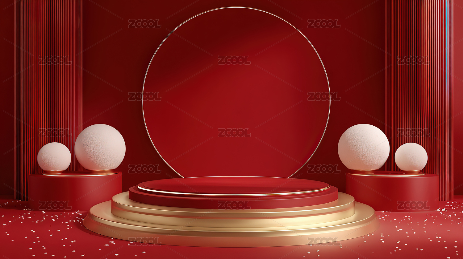 红色圆形展台与金色装饰
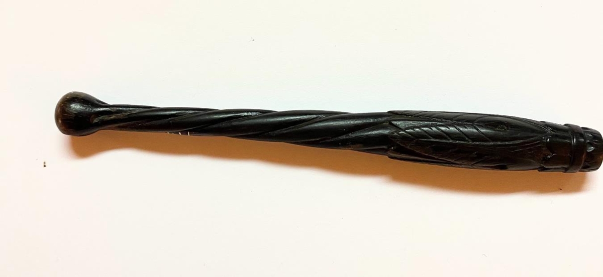 Pennastöng úr hörðum viði, fagurlega útskorin með snúnu mynstri á skafti og blómamynstri neðantil. Úr eigu Sigurðar Gunnarssonar (f.1912) síðar skólastjóra.
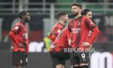 Ekspresi kekecewaan pemain AC Milan setelah dikalahkan Atalanta pada pertandingan sepak bola perempat final Coppa Italia di stadion San Siro, Milan, Rabu (10/1/2024) waktu setempat. Rossoneri takluk 1-2 dari Atalanta. AC Milan sempat unggul lebih dulu lewat kaki Rafael Leao di menit ke-45. Selang dua menit, Atalanta membalas lewat Teun Koopmeiners. Gol kemenangan Atalanta lahir di menit ke-59 yang dicetak Koopmeiners. (FOTO : AP Photo/Luca Bruno)
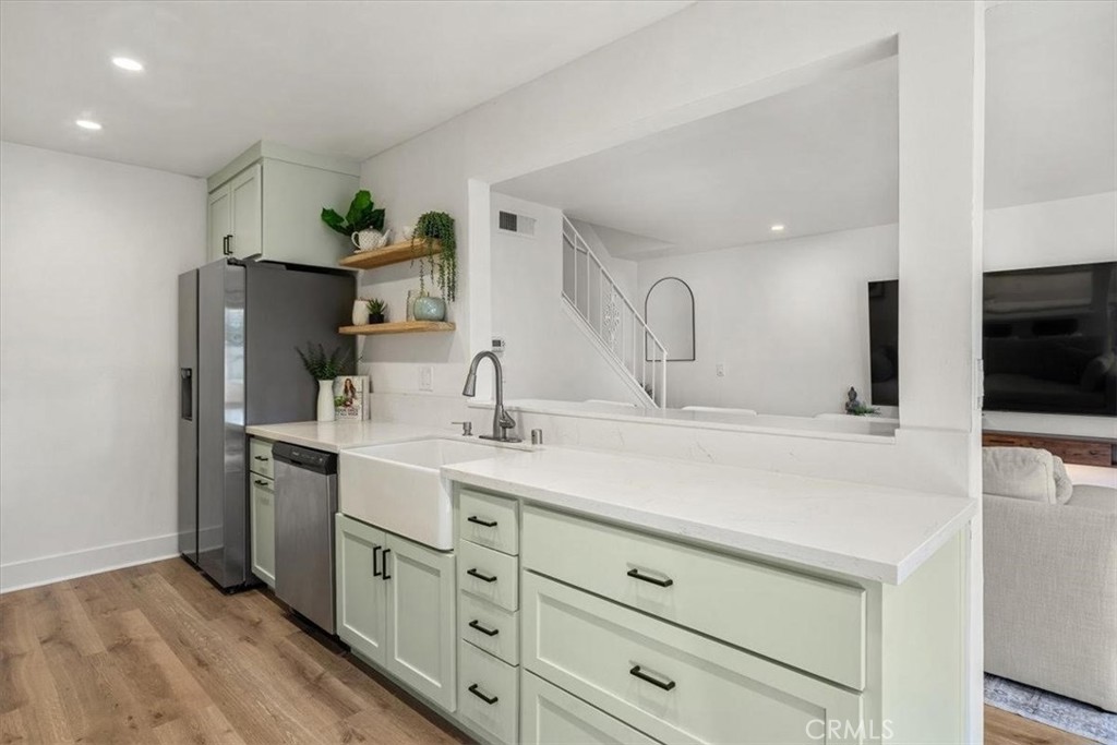 Completely remodeled Westlake Village townhome! Every inch of this turnkey home has been beautifully updated—featuring new luxury flooring, recessed lighting, and double-pane windows and doors that fill the space with natural light. The stunning kitchen offers custom cabinetry, a farmhouse sink, under-cabinet lighting, smart stainless-steel appliances, and a larger remodeled picture window. The bathroom has been fully redone with new tile, vanity, and fixtures, while mirrored closet doors and fresh baseboards add a modern touch. Enjoy peace of mind with a new electrical panel, tankless water heater, and brand new smart appliances throughout. Washer and dryer relocated to the garage for added living space. Huge master with plenty of room for your king size bed and nightstands. Located in a quiet, highly sought-after neighborhood near the lake, with access to two pools, a clubhouse, and a basketball court. Move-in ready perfection in the heart of Westlake Village! Close to shopping, beautiful restaurants, 18 hole golf course and a lovely dog park. You aren't just going to enjoy this home, you will love this lifestyle!
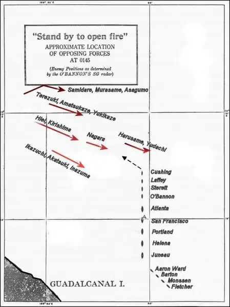 The U.S. ship formation began to fall apart, apparently further delaying Callaghan's order to commence firing as he first tried to ascertain and align his ships' positions.[37] Meanwhile, the two forces' formations began to overlap as individual ship commanders on both sides anxiously awaited permission to open fire.[34]
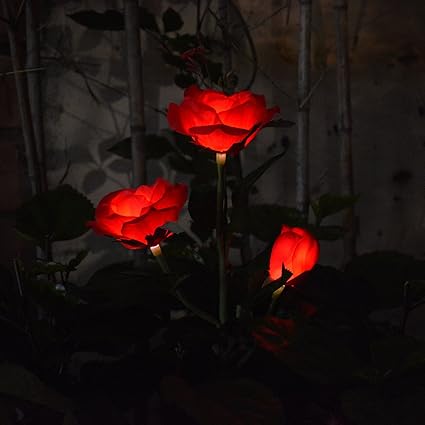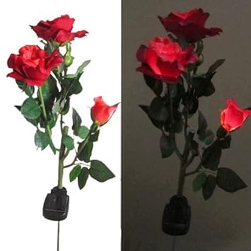 Lenofocus Solar Powered 3 Led Red Rose Flower Lights Solar

◆ WHAT TO DO:
Output exactly the lines of the listing above that start with the one holding "Pennastöng úr hörðum" and go on through the one holding "Ekspresi kekecewaan pemain"; leave the pictures out.

◆ SOLUTION FOR THIS TASK:
 Pennastöng úr hörðum viði, fagurlega útskorin með snúnu mynstri á skafti og blómamynstri neðantil. Úr eigu Sigurðar Gunnarssonar (f.1912) síðar skólastjóra.
 Ekspresi kekecewaan pemain AC Milan setelah dikalahkan Atalanta pada pertandingan sepak bola perempat final Coppa Italia di stadion San Siro, Milan, Rabu (10/1/2024) waktu setempat. Rossoneri takluk 1-2 dari Atalanta. AC Milan sempat unggul lebih dulu lewat kaki Rafael Leao di menit ke-45. Selang dua menit, Atalanta membalas lewat Teun Koopmeiners. Gol kemenangan Atalanta lahir di menit ke-59 yang dicetak Koopmeiners. (FOTO : AP Photo/Luca Bruno)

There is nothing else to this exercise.